Highlights & Insights¶
- The primary value of this work lies in treating the intermediate representation of grounded video QA as a set of claims rather than a direct paragraph. Only when claims are small can they be verified fact-by-fact by NLI models and entailment scorers.
- The role of ASR is proven to be dominant. In news videos, many facts originate from speech, which visual-only VLMs frequently miss.
- The critic loop is pragmatically designed. UNLI, MNLI, and small LLMs serve distinct roles rather than forcing a single large model to handle all verification tasks.
- Citation merging is a clever engineering design tailored to specific task metrics, avoiding redundancy while naturally increasing citation recall.

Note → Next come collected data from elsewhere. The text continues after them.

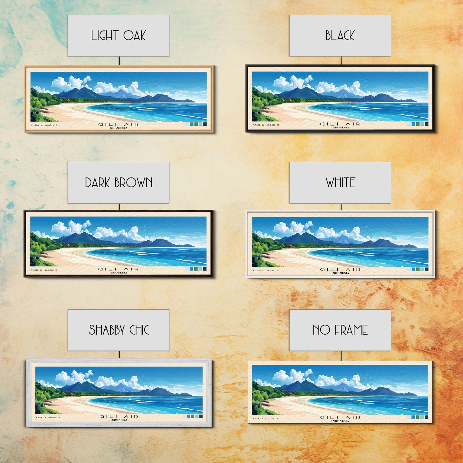 Gili Air, Indonesia Panoramic Beach Print, Vacation Gift, Indonesia Wall Art, Framed Canvas Print, Framed Beach Painting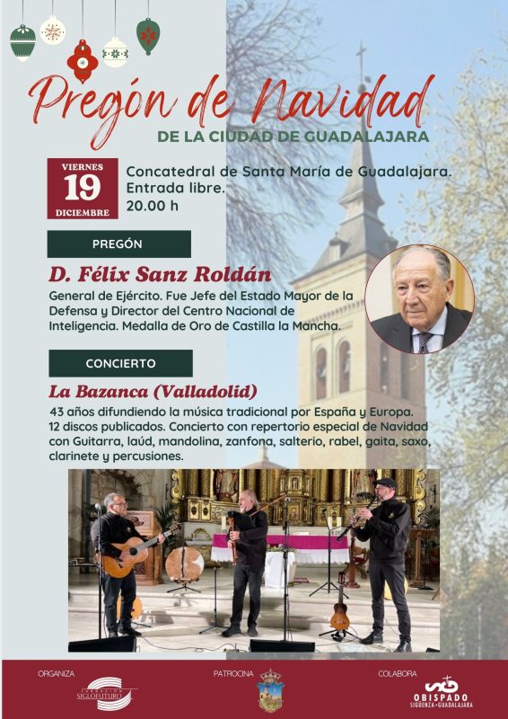 El tradicional pregón de Navidad de Guadalajara, que cumple ya 30 años, se celebrará el viernes 19 de diciembre a las 20 horas en la concatedral de Santa María, con el general Félix Sanz Roldán (Uclés, 1945, y que fue jefe del Estado Mayor de la Defensa, JEMAD, y director del Centro Nacional de Inteligencia) como pregonero y el concierto de La Bazanca, grupo de música tradicional de Castilla y León, con su repertorio especial de Navidad.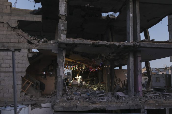 In Gaza’s southern city of Rafah, AP video showed a long table set for the breaking of the day’s Ramadan fast, snaking through the ruins and lit by strings of lights as the sky darkened.

Limitations & Future Work¶
- Recall and citation recall remain challenging. Full CRAFT's Cite-R on MAGMaR is only 0.512, indicating that identifying the correct fact and correctly attributing it to the specific video segment is far from solved.
- Low-resource language ASR is a weak point. The system filters noisy or repetitive transcripts, which reduces noise but may discard useful info from low-resource languages.

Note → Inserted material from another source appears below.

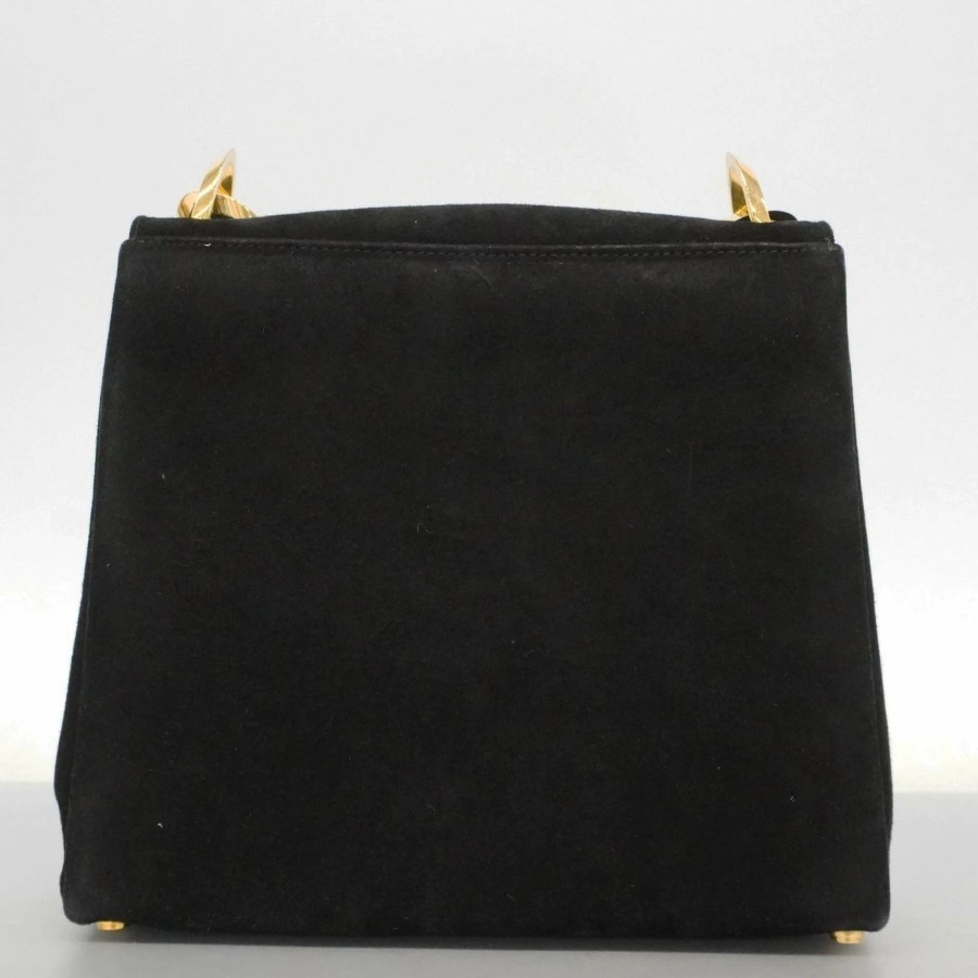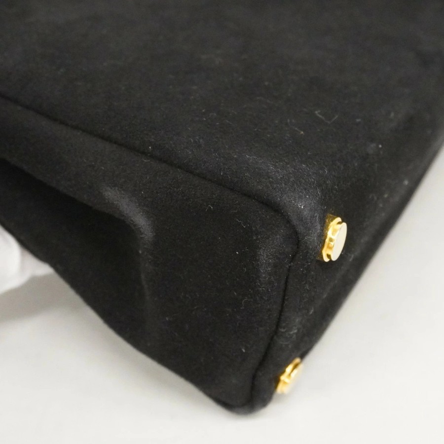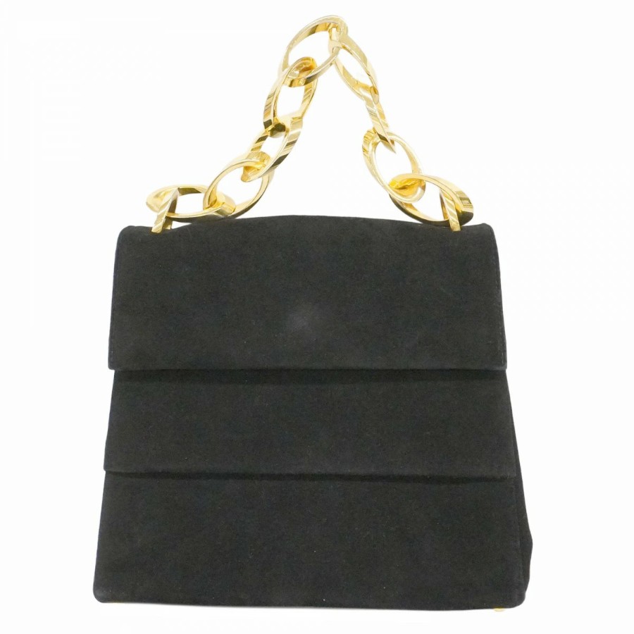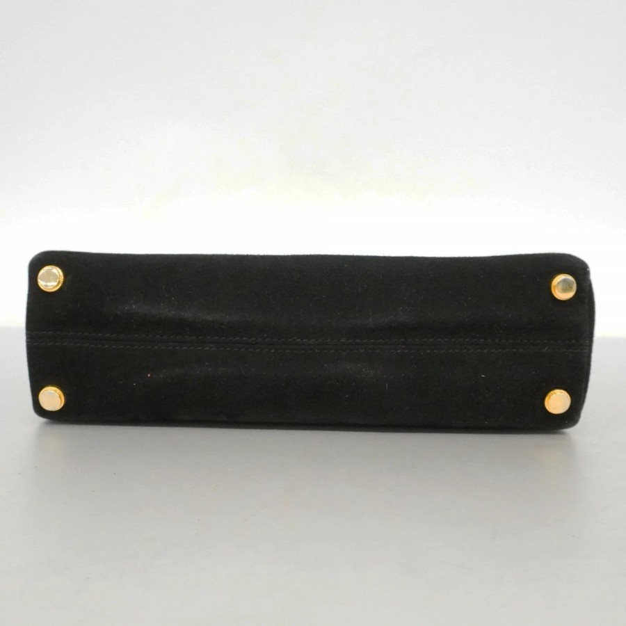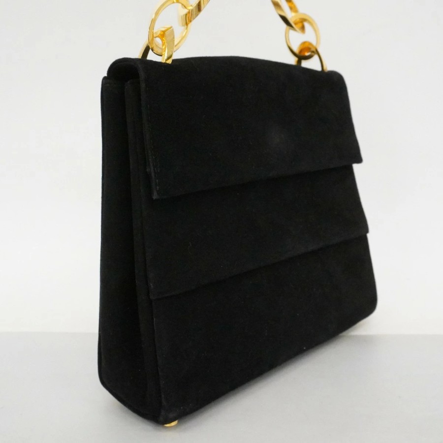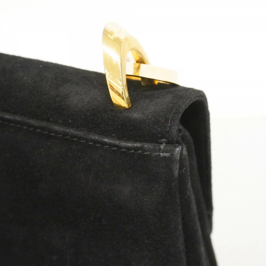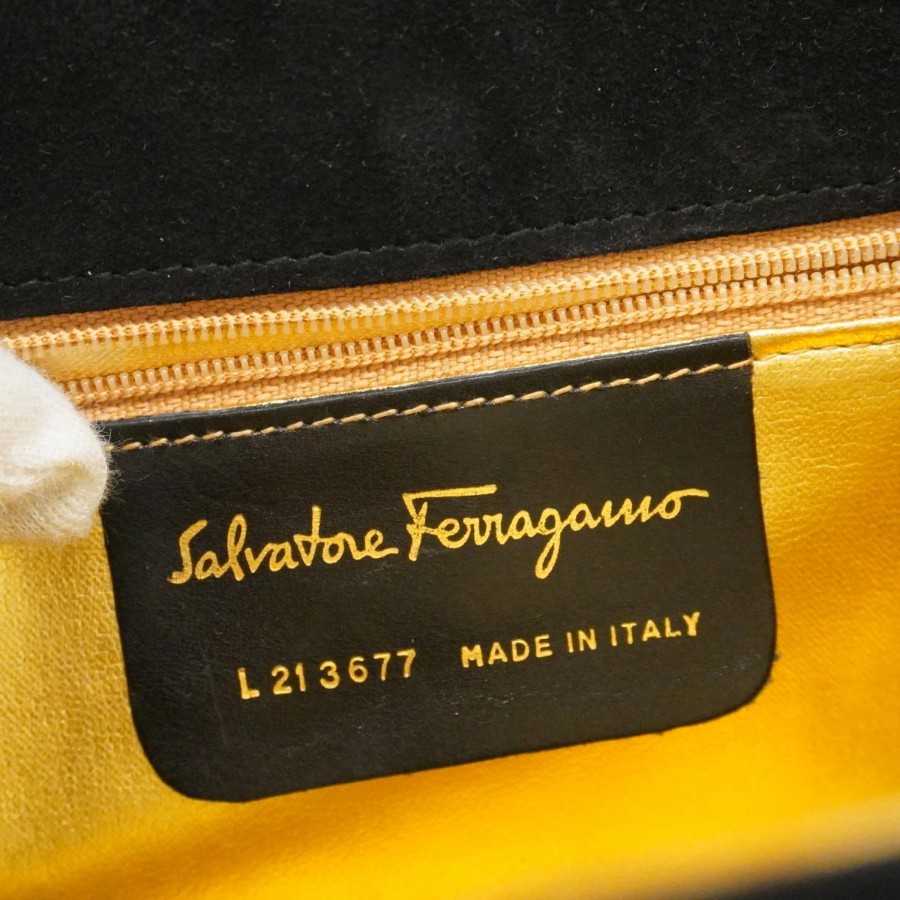 【6dd4300】サルヴァトーレフェラガモ ハンドバッグ スウェード ブラック ゴールド金具【中古】レディース

- DKS boosts precision at low frame counts but can sacrifice recall; future work needs to better balance query relevance with total coverage.
- Future directions include stronger cross-video retrieval, more robust multilingual ASR, and incorporating human feedback into system tuning.
Related Work & Insights¶
- vs uniform frame sampling VLM: Uniform sampling is simple but misses sparse evidence in long videos; CRAFT uses DKS to select frames by query relevance.
- vs Video-RAG pipeline: Many Video-RAG systems rely on a single visual stream or end-of-process aggregation; CRAFT moves verification early to the claim extraction stage.
- vs critic-driven video QA: Conventional verifiers often check the final answer; CRAFT refines iteratively on each query-video claim set at a finer granularity.
- Inspiration: For multimodal tasks requiring citations, systems should prioritize designing verifiable intermediate objects and restrict generators to verified evidence packets.
Rating¶
- Novelty: ⭐⭐⭐⭐ While individual components have precedents, the integration of ASR, DKS, claim critics, and citation merging into a robust system is compelling.
- Experimental Thoroughness: ⭐⭐⭐⭐ Covers MAGMaR and WikiVideo with extensive ablations; human evaluation is present but auxiliary.
- Writing Quality: ⭐⭐⭐⭐ Clear methodology and well-explained metrics, though tables are quite dense.
- Value: ⭐⭐⭐⭐ Highly relevant for video RAG and news analysis systems requiring cited answers, particularly for the claim-centric pipeline.